Inpatient mortality for RP was 1.7%. Older age and PEM were associated with higher odds of inpatient mortality.

摘要

背景

我们旨在评估放射性直肠炎(RP)住院治疗的特征。

方法

对国家住院患者样本(NIS)进行分析,以确定2016年和2017年RP的住院病例。结局指标包括死亡率、死亡预测因素、平均住院时间(LOS)、平均总住院费用(THC)以及众多基于系统的并发症。

结果

我们确定了16810例成人RP住院病例。
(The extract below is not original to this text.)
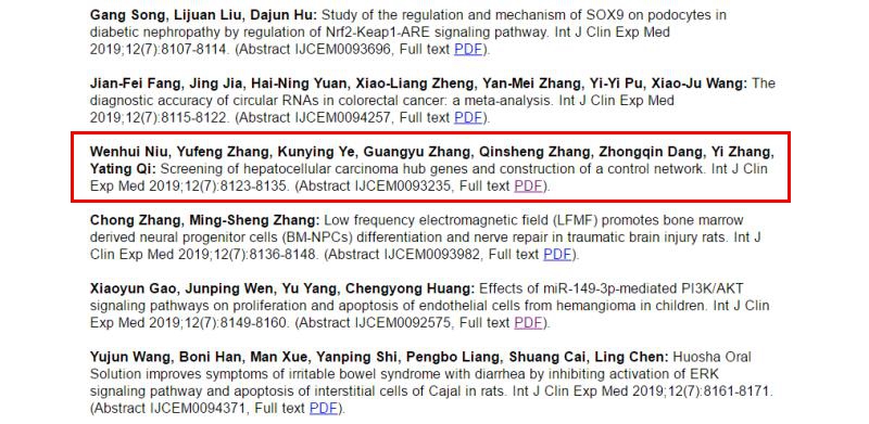 本网讯(文图/丁虹)为进一步提高leyu·乐鱼(中国)体育官方网站研究生的科研能力,提升leyu·乐鱼(中国)体育官方网站研究生学位论文质量,提高leyu·乐鱼(中国)体育官方网站研究生培养质量,学校加大对研究生发表学术论文的要求和规定,我院研究生发表论文的数量和质量明显提高,其中2017级内科班硕士研究生牛文辉同学撰写的论文《Screening of Hepatocellular Carcinoma Hub Gene and Construction of Control Network》被国际知名杂志《International Journal of Clinical and Experimental Medicine》录用。

入院时,这些患者中仅有27.54%被初步诊断为RP。平均年龄为72.3±0.5岁,研究人群中30.2%为女性。白人占研究人群的68.7%。大多数RP住院病例发生在大型(51%)、城市(93.6%)和教学(71.1%)医院。RP住院患者的住院死亡率为1.7%。在对生物人口统计学因素、住院特征和合并症进行调整后,年龄较大和蛋白质能量营养不良(PEM)与住院死亡率较高的几率相关。RP住院病例的平均LOS和THC分别为5.6天和53800美元。与RP相关的住院并发症包括急性肾衰竭(19.7%)、脓毒症(4.4%)、深静脉血栓形成(3.7%)、急性呼吸衰竭(3.3%)和肺栓塞(0.7%)。

结论

RP的住院死亡率为1.7%。年龄较大和PEM与住院死亡率较高的几率相关。